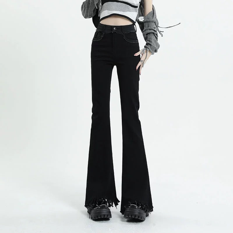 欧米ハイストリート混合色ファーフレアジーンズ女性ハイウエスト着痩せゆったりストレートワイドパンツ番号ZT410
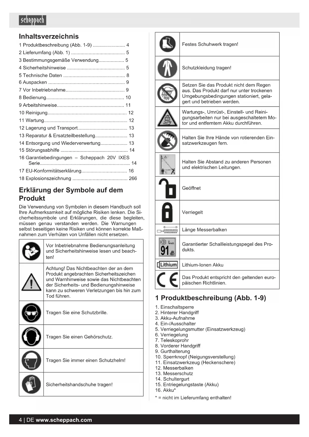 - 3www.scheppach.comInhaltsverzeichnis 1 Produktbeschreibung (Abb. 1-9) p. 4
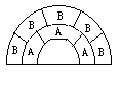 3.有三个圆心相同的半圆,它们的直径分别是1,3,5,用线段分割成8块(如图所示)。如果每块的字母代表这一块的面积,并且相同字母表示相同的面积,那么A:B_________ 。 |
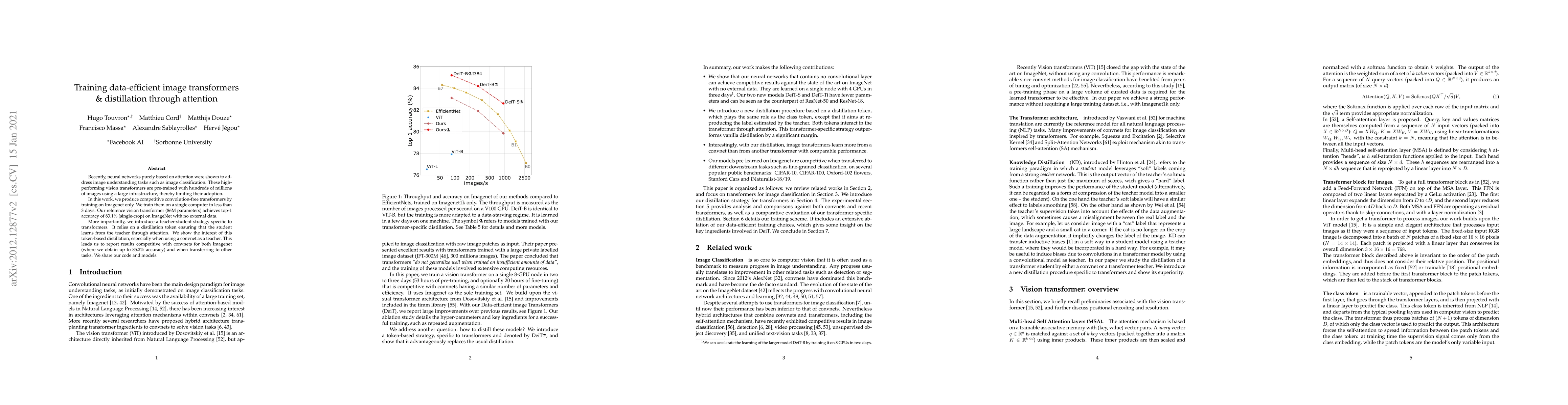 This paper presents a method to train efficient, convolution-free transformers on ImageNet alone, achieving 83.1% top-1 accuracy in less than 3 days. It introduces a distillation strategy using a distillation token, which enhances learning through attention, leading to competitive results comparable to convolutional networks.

• _About this task_:
Repeat the data exactly. No pictures should appear.

• _Solution to the problem_:
 欧米ハイストリート混合色ファーフレアジーンズ女性ハイウエスト着痩せゆったりストレートワイドパンツ番号ZT410
 - 3www.scheppach.comInhaltsverzeichnis 1 Produktbeschreibung (Abb. 1-9) p. 4
 3.有三个圆心相同的半圆,它们的直径分别是1,3,5,用线段分割成8块(如图所示)。如果每块的字母代表这一块的面积,并且相同字母表示相同的面积,那么A:B_________ 。 |
 This paper presents a method to train efficient, convolution-free transformers on ImageNet alone, achieving 83.1% top-1 accuracy in less than 3 days. It introduces a distillation strategy using a distillation token, which enhances learning through attention, leading to competitive results comparable to convolutional networks.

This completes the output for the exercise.